**Activity**
Beginning with the line that contains "Melrose/Cedar Park station" and ending with the line that contains "照片中呈現風格化且具侵略性的貓形輪廓,頸部懸掛著拼出「NBT」字樣的吊墜——此為團體 NEWBEAT 的縮寫。", reproduce the lines of the entries below exactly, omitting pictures.

[Record excerpts — start]

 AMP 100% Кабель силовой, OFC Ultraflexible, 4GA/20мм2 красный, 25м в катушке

[Record excerpts — finish]
[Record excerpts — start]

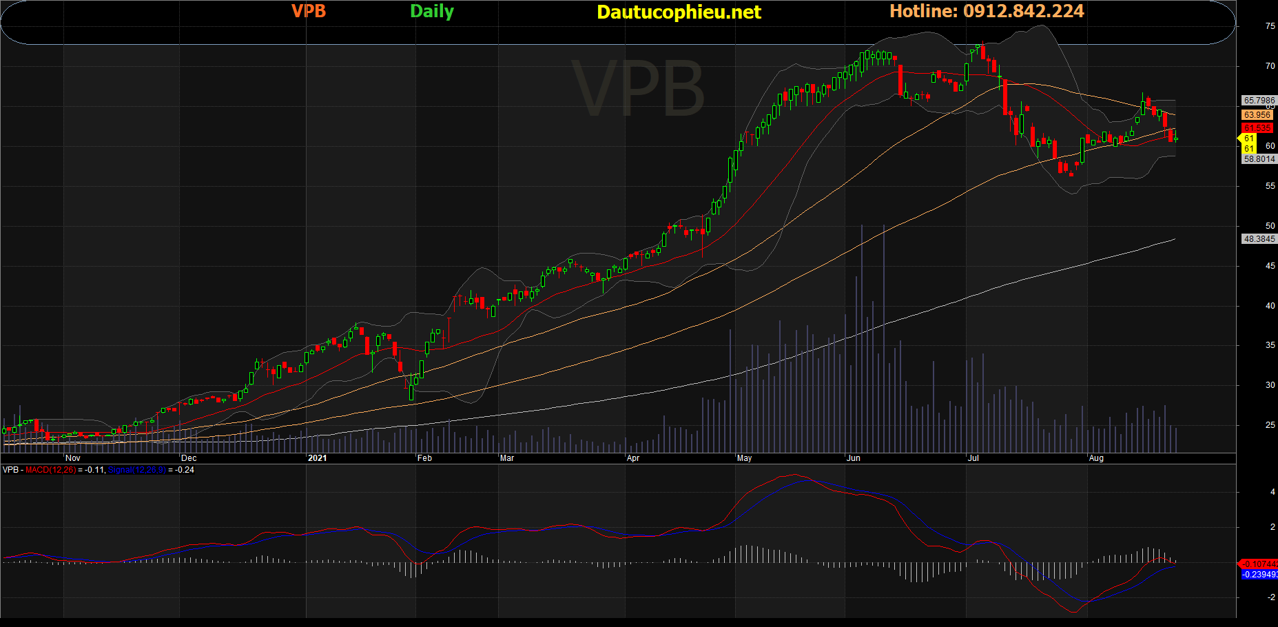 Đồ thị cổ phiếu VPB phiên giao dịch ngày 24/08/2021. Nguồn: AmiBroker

[Record excerpts — finish]
[Record excerpts — start]

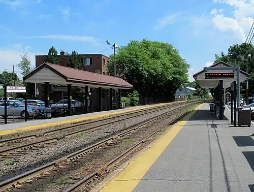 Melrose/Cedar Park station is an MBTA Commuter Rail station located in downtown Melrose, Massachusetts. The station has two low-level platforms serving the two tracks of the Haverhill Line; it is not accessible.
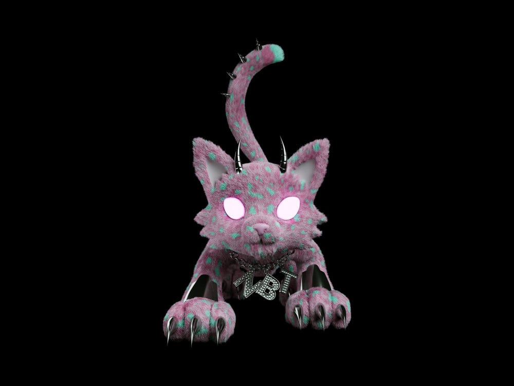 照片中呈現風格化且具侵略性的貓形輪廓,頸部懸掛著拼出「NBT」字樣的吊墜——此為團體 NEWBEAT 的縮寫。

[Record excerpts — finish]

**Exercise answer**
 Melrose/Cedar Park station is an MBTA Commuter Rail station located in downtown Melrose, Massachusetts. The station has two low-level platforms serving the two tracks of the Haverhill Line; it is not accessible.
 照片中呈現風格化且具侵略性的貓形輪廓,頸部懸掛著拼出「NBT」字樣的吊墜——此為團體 NEWBEAT 的縮寫。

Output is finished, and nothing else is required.